*Dataset records*:
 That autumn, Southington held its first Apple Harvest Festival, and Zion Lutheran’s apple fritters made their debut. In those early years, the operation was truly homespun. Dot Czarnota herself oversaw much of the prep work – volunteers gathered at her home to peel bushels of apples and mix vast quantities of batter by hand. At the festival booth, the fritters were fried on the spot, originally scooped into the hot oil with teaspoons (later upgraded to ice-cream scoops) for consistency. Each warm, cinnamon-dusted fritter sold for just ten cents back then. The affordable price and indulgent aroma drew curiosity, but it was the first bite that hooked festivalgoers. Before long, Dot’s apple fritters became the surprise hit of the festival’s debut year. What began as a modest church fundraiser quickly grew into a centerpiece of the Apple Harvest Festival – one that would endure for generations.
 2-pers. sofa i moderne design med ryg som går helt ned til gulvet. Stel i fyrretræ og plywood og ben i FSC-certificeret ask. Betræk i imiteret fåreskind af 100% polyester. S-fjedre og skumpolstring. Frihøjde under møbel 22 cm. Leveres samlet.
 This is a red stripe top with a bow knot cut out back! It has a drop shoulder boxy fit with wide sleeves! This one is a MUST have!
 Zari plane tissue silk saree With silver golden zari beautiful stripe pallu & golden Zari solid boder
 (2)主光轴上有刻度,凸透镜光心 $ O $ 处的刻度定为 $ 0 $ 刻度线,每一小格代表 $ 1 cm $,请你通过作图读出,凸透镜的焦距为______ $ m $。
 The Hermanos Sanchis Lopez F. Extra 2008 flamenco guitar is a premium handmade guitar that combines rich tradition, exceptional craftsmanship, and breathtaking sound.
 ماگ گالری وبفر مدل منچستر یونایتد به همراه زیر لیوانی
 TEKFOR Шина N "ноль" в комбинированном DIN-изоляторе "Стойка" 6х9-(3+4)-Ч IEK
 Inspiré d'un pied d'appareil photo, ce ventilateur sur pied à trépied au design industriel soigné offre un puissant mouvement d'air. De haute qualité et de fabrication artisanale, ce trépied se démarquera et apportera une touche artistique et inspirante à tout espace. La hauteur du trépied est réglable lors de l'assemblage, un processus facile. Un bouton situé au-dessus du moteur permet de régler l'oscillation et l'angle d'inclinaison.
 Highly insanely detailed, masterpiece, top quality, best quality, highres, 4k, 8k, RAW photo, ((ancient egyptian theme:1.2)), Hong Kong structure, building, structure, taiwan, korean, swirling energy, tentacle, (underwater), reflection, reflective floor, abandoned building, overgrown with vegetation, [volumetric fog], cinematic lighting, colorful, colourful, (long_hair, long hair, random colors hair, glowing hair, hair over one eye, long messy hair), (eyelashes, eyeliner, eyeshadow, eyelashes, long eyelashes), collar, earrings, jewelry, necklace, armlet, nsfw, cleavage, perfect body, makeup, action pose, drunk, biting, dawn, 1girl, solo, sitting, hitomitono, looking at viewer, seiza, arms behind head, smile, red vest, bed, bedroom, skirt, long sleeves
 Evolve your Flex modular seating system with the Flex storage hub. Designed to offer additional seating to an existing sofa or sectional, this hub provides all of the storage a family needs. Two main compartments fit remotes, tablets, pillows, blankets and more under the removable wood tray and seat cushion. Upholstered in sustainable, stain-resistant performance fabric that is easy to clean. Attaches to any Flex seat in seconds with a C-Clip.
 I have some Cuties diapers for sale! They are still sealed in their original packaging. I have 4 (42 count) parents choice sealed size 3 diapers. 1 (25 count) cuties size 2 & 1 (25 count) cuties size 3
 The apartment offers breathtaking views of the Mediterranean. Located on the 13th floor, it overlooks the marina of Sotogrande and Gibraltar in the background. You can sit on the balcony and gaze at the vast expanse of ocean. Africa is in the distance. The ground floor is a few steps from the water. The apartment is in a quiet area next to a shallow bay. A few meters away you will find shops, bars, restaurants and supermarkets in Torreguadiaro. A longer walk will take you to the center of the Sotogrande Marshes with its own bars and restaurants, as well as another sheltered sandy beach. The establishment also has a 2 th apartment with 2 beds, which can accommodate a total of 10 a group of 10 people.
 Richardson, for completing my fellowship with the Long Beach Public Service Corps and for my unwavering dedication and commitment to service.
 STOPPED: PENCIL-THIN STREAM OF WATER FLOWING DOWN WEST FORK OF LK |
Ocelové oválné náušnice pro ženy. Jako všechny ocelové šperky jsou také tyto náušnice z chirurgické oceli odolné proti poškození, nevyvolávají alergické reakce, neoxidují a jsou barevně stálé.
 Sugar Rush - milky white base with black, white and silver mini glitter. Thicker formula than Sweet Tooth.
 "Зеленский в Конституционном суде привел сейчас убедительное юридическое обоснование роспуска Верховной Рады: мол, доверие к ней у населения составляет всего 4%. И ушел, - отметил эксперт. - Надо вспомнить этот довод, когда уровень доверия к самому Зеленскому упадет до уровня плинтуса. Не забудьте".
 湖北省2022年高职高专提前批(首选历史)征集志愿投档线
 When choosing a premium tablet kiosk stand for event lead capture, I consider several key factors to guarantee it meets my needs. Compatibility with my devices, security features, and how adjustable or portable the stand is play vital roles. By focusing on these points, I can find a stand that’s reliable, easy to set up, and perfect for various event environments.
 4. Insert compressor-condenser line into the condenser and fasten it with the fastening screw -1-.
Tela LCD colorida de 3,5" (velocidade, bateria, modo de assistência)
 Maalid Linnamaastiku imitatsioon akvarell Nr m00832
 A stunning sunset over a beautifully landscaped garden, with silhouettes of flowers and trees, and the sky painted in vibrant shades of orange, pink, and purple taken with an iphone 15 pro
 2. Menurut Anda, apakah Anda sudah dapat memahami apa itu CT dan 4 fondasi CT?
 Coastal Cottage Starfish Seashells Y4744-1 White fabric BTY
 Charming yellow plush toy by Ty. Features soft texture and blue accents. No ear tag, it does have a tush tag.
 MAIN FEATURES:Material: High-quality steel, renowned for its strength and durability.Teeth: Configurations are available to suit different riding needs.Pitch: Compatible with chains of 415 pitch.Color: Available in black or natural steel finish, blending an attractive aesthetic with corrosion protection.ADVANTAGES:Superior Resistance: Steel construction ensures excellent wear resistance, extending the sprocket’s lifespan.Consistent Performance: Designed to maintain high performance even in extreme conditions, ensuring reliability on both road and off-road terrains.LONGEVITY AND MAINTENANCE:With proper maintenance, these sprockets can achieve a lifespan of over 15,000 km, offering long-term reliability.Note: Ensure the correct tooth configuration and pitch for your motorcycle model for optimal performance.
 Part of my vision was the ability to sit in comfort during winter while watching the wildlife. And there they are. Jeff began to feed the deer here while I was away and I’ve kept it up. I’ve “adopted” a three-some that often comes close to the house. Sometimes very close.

*Task description*:
What is needed is an exact copy of the entries from their first line down to the line with "The Hermanos Sanchis", that line included, and nothing beyond it.

*Expected output*:
 That autumn, Southington held its first Apple Harvest Festival, and Zion Lutheran’s apple fritters made their debut. In those early years, the operation was truly homespun. Dot Czarnota herself oversaw much of the prep work – volunteers gathered at her home to peel bushels of apples and mix vast quantities of batter by hand. At the festival booth, the fritters were fried on the spot, originally scooped into the hot oil with teaspoons (later upgraded to ice-cream scoops) for consistency. Each warm, cinnamon-dusted fritter sold for just ten cents back then. The affordable price and indulgent aroma drew curiosity, but it was the first bite that hooked festivalgoers. Before long, Dot’s apple fritters became the surprise hit of the festival’s debut year. What began as a modest church fundraiser quickly grew into a centerpiece of the Apple Harvest Festival – one that would endure for generations.
 2-pers. sofa i moderne design med ryg som går helt ned til gulvet. Stel i fyrretræ og plywood og ben i FSC-certificeret ask. Betræk i imiteret fåreskind af 100% polyester. S-fjedre og skumpolstring. Frihøjde under møbel 22 cm. Leveres samlet.
 This is a red stripe top with a bow knot cut out back! It has a drop shoulder boxy fit with wide sleeves! This one is a MUST have!
 Zari plane tissue silk saree With silver golden zari beautiful stripe pallu & golden Zari solid boder
 (2)主光轴上有刻度,凸透镜光心 $ O $ 处的刻度定为 $ 0 $ 刻度线,每一小格代表 $ 1 cm $,请你通过作图读出,凸透镜的焦距为______ $ m $。
 The Hermanos Sanchis Lopez F. Extra 2008 flamenco guitar is a premium handmade guitar that combines rich tradition, exceptional craftsmanship, and breathtaking sound.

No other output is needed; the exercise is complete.